Here's a high-level overview of the video processing pipeline I implemented:
- Upload a video file via the Streamlit UI
- Process the video frame-by-frame using YOLO v8 to detect persons
- For each detected person:
- Extract person embedding using torchreid
- Detect faces within the person bounding box using DeepFace
- Generate facial embeddings for detected faces
- Store the person and facial embeddings in a vector database (Annoy index)
- Allow querying by uploading an image of a person/face of interest
- Perform vector similarity search to find closest matches
- Display relevant video clips with the person/face found
Implementing a Facial Recognition System: Code Snippets and Details
Here are a few code snippets to illustrate key parts of the implementation:
Processing a video frame with YOLO, torchreid and DeepFace:
results = model(frame)[0]
detections = sv.Detections.from_ultralytics(results)
for i in range(detections.tracker_id.size):
bbox = detections.xyxy[i].tolist()
class_name = results.names[detections.class_id[i]]
if class_name == 'person':
person_bbox = list(map(int, bbox))
person_image = frame[person_bbox[1]:person_bbox[3], person_bbox[0]:person_bbox[2]]
person_embedding = extractor(person_image)
insert_person(conn, frame_number, video_name, json.dumps(person_embedding.tolist()), json.dumps(person_bbox))
faces = DeepFace.extract_faces(person_image, detector_backend='opencv', enforce_detection=False)
for face in faces:
embedding = DeepFace.represent(face['face'], model_name='VGG-Face', enforce_detection=False)
insert_face(conn, frame_number, video_name, embedding, face['facial_area'], face['confidence'])
Querying for similar faces using the Annoy index:
def find_similar_faces(query_embedding, n_neighbors=5):
f = len(query_embedding)
u = AnnoyIndex(f, 'euclidean')
u.load('face_embeddings.ann')
indices, distances = u.get_nns_by_vector(query_embedding, n_neighbors, include_distances=True)
return indices, distances
Learnings and Insights from Building the Facial Recognition System
This experience demonstrated the incredible potential of LLMs to democratize software development.

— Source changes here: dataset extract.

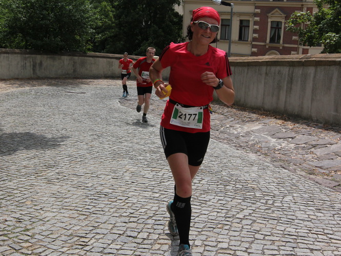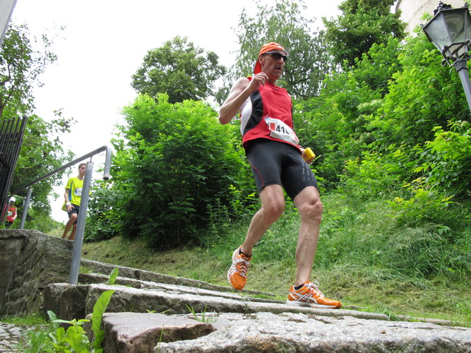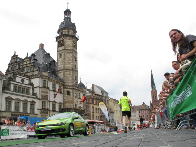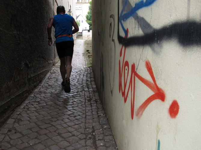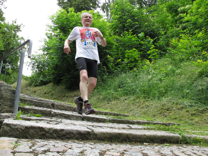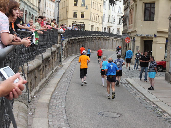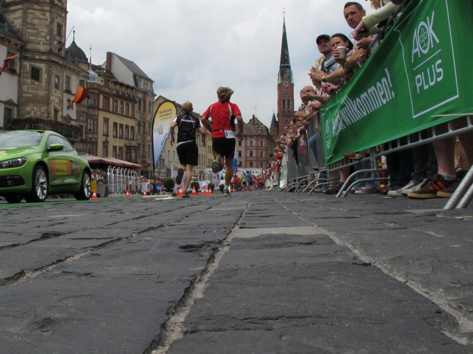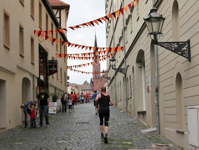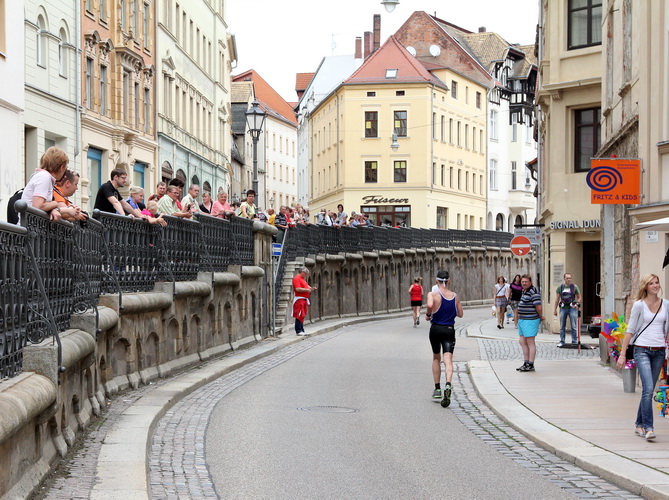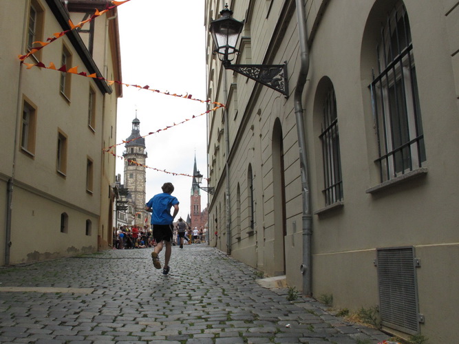 Am Zwinger vorbei verlassen wir durch das Torhaus, das ursprünglich der einzige Zugang war, das Schloss. Eine romantische Gasse endet für uns jäh an dem Schild, das vor einer Treppe warnt. Die lassen hier nichts aus. Die einen stürzen sich zaghaft, die anderen mutig ins Vergnügen. Was folgt ist eine Gasse, so schmal, dass nicht mal zwei Läufer nebeneinander laufen können. Jetzt noch der Skatbrunnen mit den drei raufenden Wenzeln, dann läuft man die Marktgasse rauf. Man ist noch nicht oben, schon wird man begeistert gefeiert.

Some key takeaways:
- Code generation capabilities of LLMs can significantly accelerate prototyping and building custom applications
- Leveraging pre-trained models for specific tasks (object detection, face recognition, etc.) allows quickly assembling powerful pipelines
- Crowd data introduces unpredictable compute time due to unknown number of people in the frame
- Vector databases are highly effective for enabling semantic search over unstructured data like images/videos
- Streamlit is a great fit for rapidly building interactive 1-1 applications
While the application I built is quite niche, the overarching pattern of using LLMs to generate code snippets, stitching together existing models and tools, and packaging the solution in an easy-to-use interface is broadly applicable. This approach can enable a wider audience to create personalized software tailored to their unique needs and datasets.
Conclusion
The ability to quickly spin up a custom video analytics platform with capabilities like person identification and facial recognition using LLMs was an eye-opening experience. It showcased how this technology is putting the power of bespoke software development in the hands of individuals.
As LLMs continue to advance, I believe we'll see a proliferation of highly targeted 1 of 1 applications across diverse domains. The value of our personal data will increasingly shift towards how we can leverage it to generate useful, personalized tools to boost our productivity and gain novel insights.